Retirement: If you think Americans aren’t prepared for retirement today, you should have seen what it was like a century ago. In 1900, 65% of men over age 65 were still in the labor force. By 2010, that figure was down to 22%. The entire concept of retirement is unique to the past few decades. Half a century ago, most Americans worked until they died. Adjusted for inflation, the average monthly Social Security benefit for retirees has increased from $378 in 1940 to $1,461 in 2019.

U.S. Housing: According to the Census Bureau, in 1900 there was one housing unit for every five Americans. Today, there’s one for every three. In 1910 the average home had 1.13 occupants per room. By 1997 it was down to 0.42 occupants per room. Housing has greatly improved!
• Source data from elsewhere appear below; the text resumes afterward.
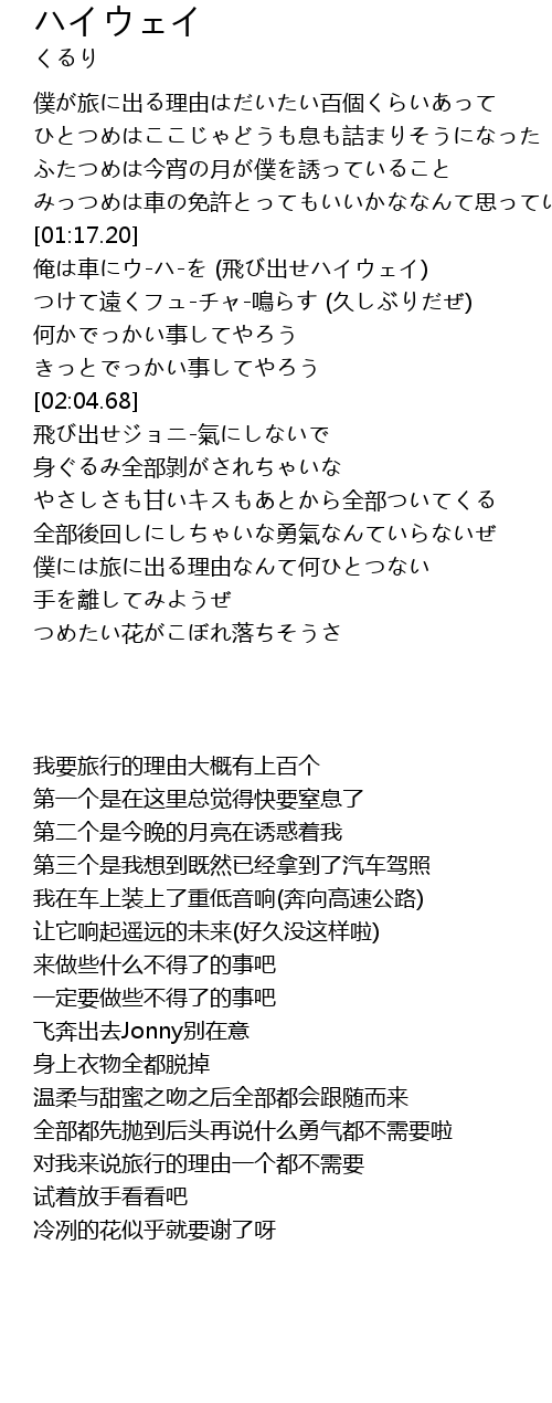 | [01:32.84] | 俺は車にウ-ハ-を (飛び出せハイウェイ) |
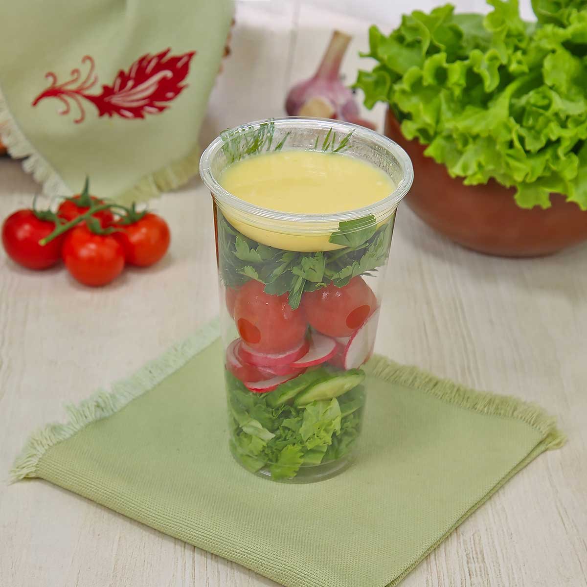 Огурец свежий, черри, редис, салат Афицион, зелень укропа, зелень петрушки, йогурт натуральный, масло оливковое, сыр Пармезан, яйцо куриное, горчица дижонская, чеснок, сок лимона, сахар, соль.
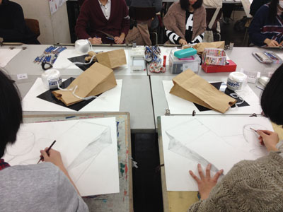 26 January 無題 こんばんは、保田です。直前講習開始から早くも1週間。1月22日(水)彦根校 通勤中は寒いですが勤務中は熱い。(しかし、冬の琵琶湖は美しい!/瀬田川より撮影)講評に望む態度もすごく真剣。その調子でがんばろう。ただ、もっと質問があってもよかった。1月23日(木)、24日(金)七条校 上左)朝の京都タワー、上右)夕暮の京都タワー(七条校窓から撮影)京芸クラスは1日2課題。2日とも、2課題目の方が全体のレベルが上がる傾向もうれしかった。1月26日(日)北山校 開始直後のデッサン 完成直前のデッサン 土日は少しだけ余裕のある時間設定。その分、じっくりと手直し制作してほしい。保田は少しずつ各校で勤務していますが、それぞれ熱いですね。この熱さを入試まで維持してほしい。(もちろん、途中、休憩もあっていいです)中には、既に「何もアイデアが出ない!」と、てんぱったりしている生徒も見かけますが、そんな「精神的追い込まれ」も含め、直前講習は、本番に向けての練習です。一日一日大切に過ごしてほしいです。講師は見守っているので、何かあれば何でも相談しましょう。...しかし、保田は明日から1週間、島根県に出張に行きまーす!松江と出雲の美術部員達(1・2年生)に立体構成を教えてきますよー!(楽しみ)一応、遠くの空から、見守っていると思っておいて下さい...。保田 [0回]PR 2014/01/26 (Sun) 18:07 アスクでのこと Comment(0)
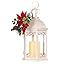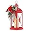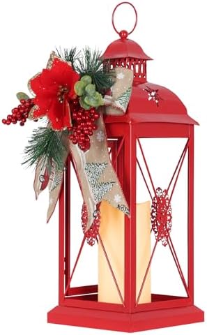 DECORKEY Christmas Decorations, 16” Metal Christmas Lantern with LED Candle and Floral Accents for Home Decor, Decorative Hanging Candle Holder Indoor Outdoor for Table Centerpieces, Porch, Patio
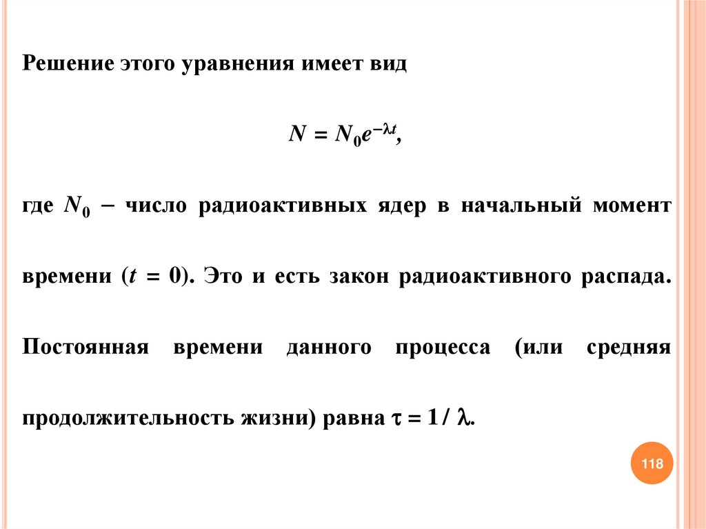 времени (t = 0). Это и есть закон радиоактивного распада.
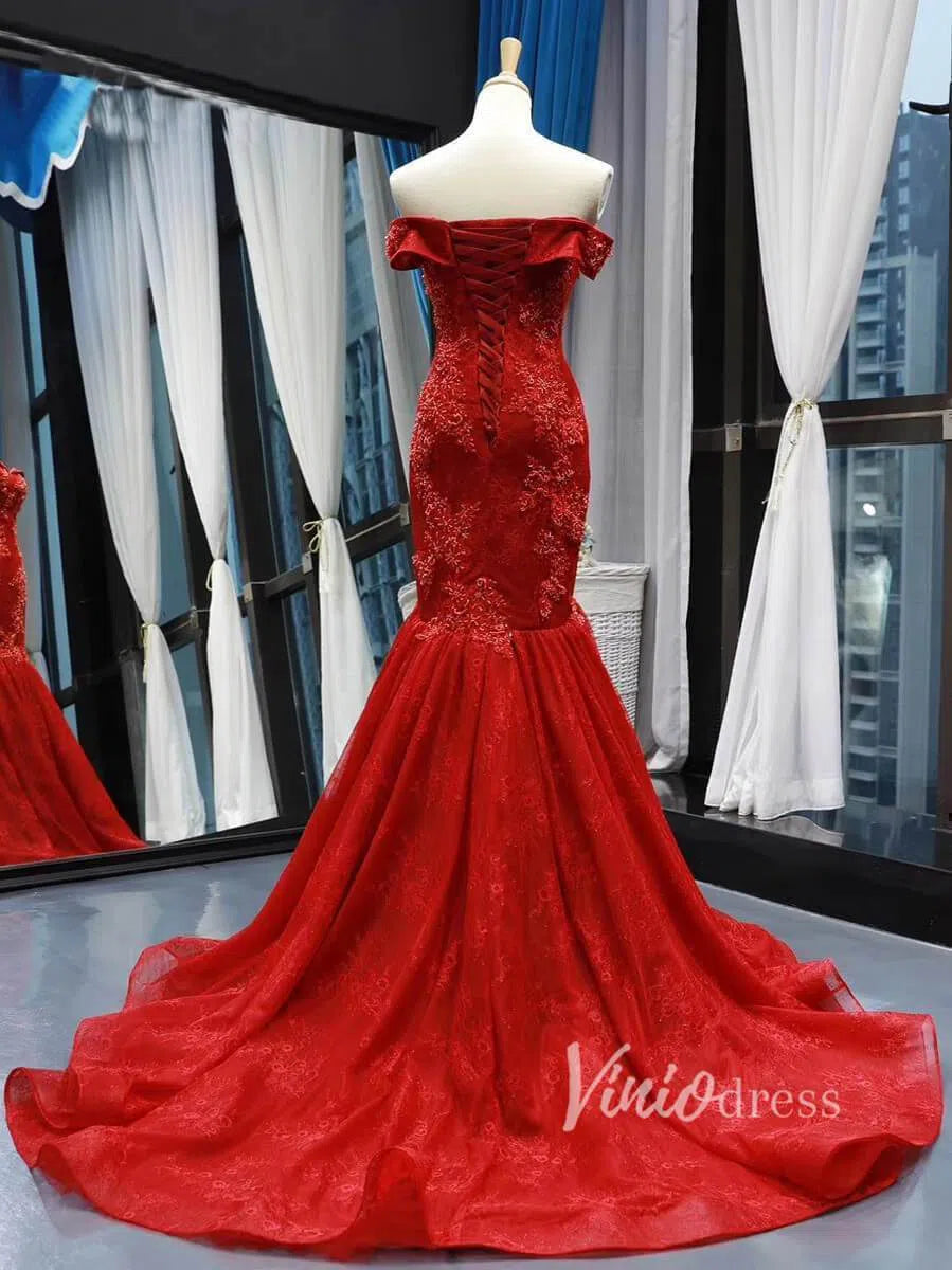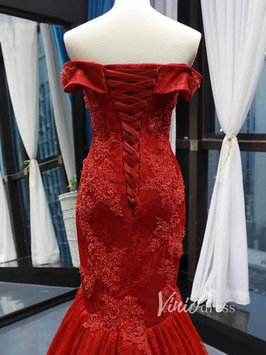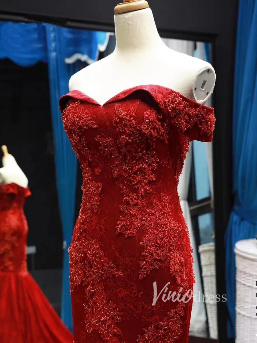 Red Mermaid Lace Prom Dresses Off Shoulder Trumpet Prom Gowns FD1273
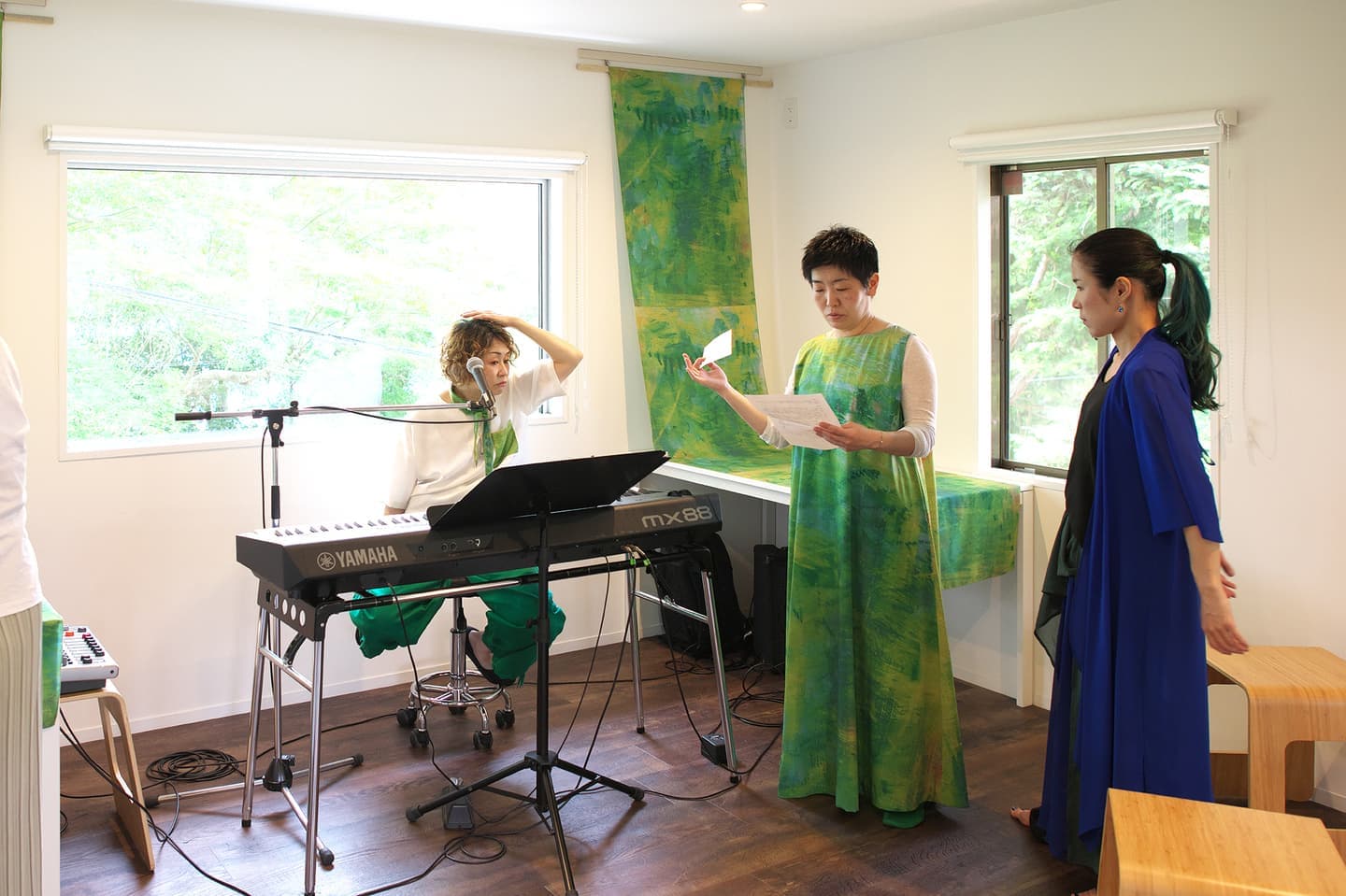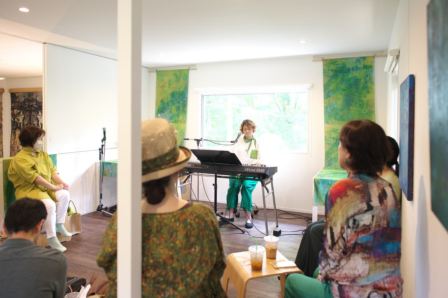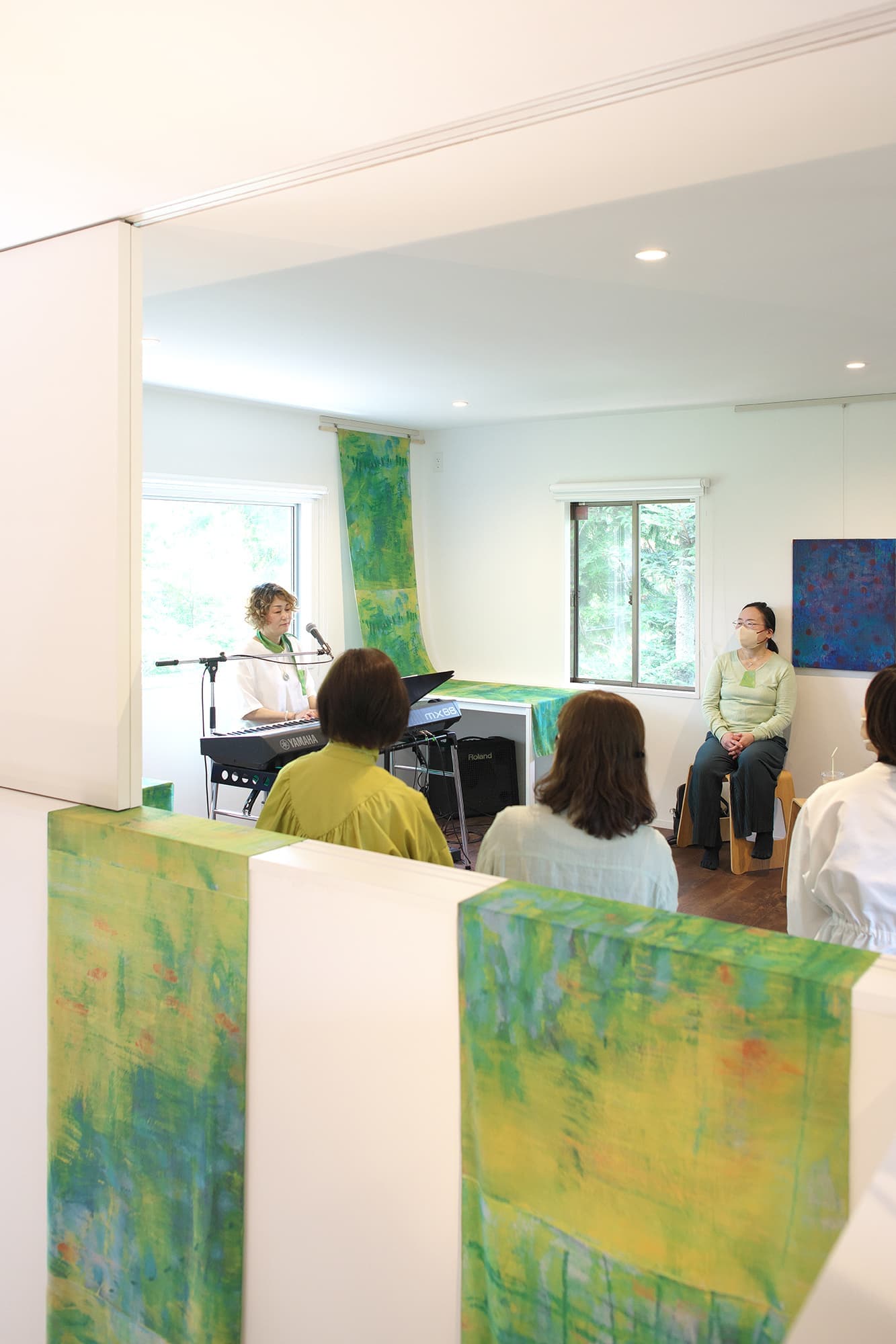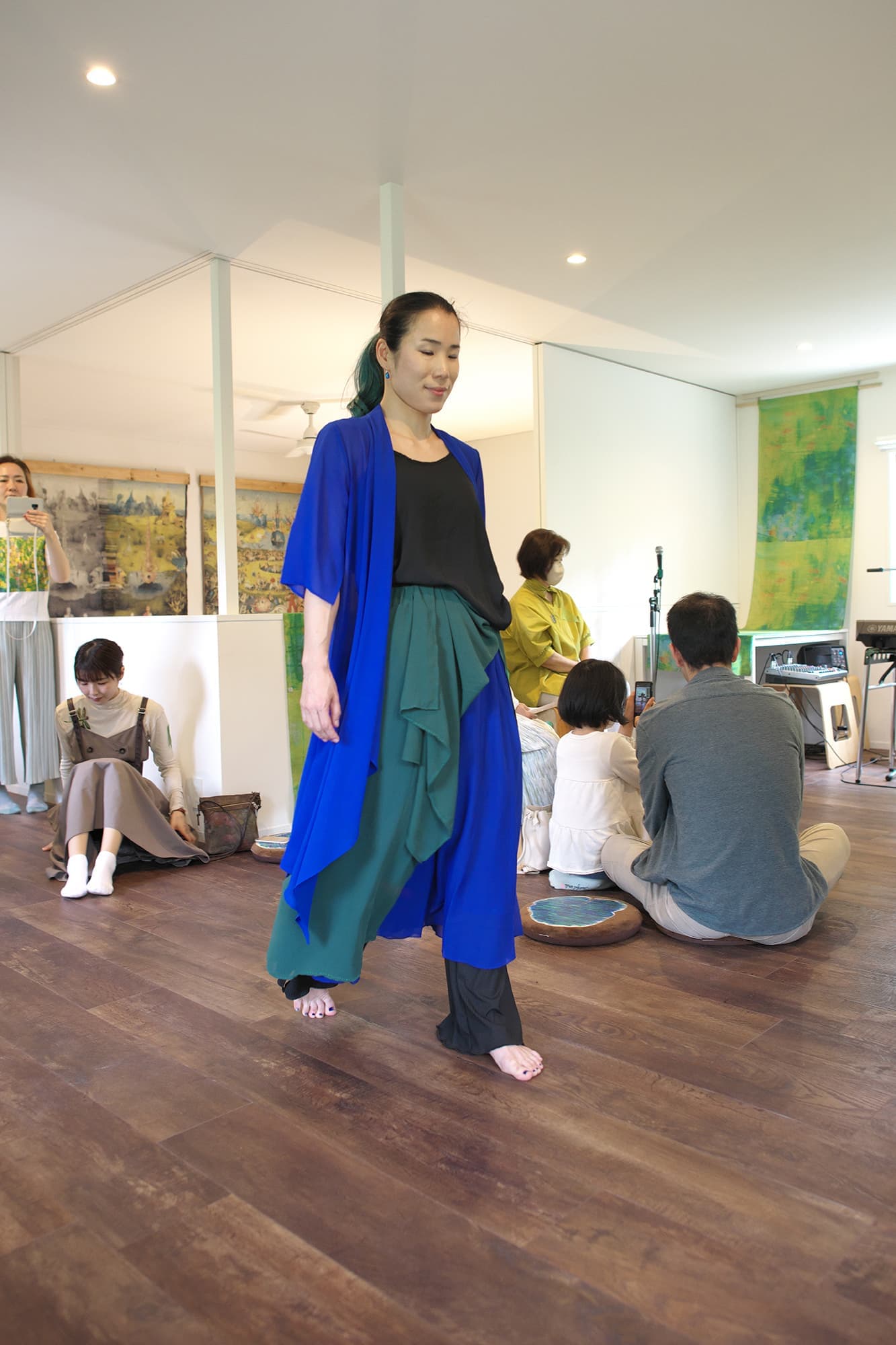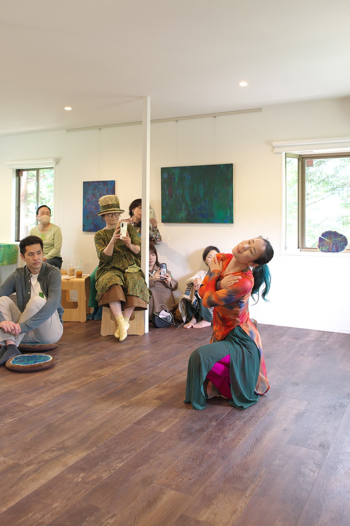 音楽家 中田理恵子×画家 柳田歳子がお互いにインスパイアされてできた [pictorial sound] そこにダンサーKaNaが加わったアートパフォーマンスイベント[sora森]

Literacy: While the rate of literacy has significantly increased in the last 50 years, experts say that 750 million people are still illiterate around the world. According to data recently released, about 750 million people, two-thirds of which are women, are still illiterate around the world. Although there has been a significant increase in literacy rates over the last 50 years, the high number of illiterate people continues to draw attention.  Forty-five percent of the illiterate people live in South Asia, and 27 percent in sub-Saharan Africa. While 10 percent are in East and Southeastern Asia, 9 percent live in North Africa and West Asia.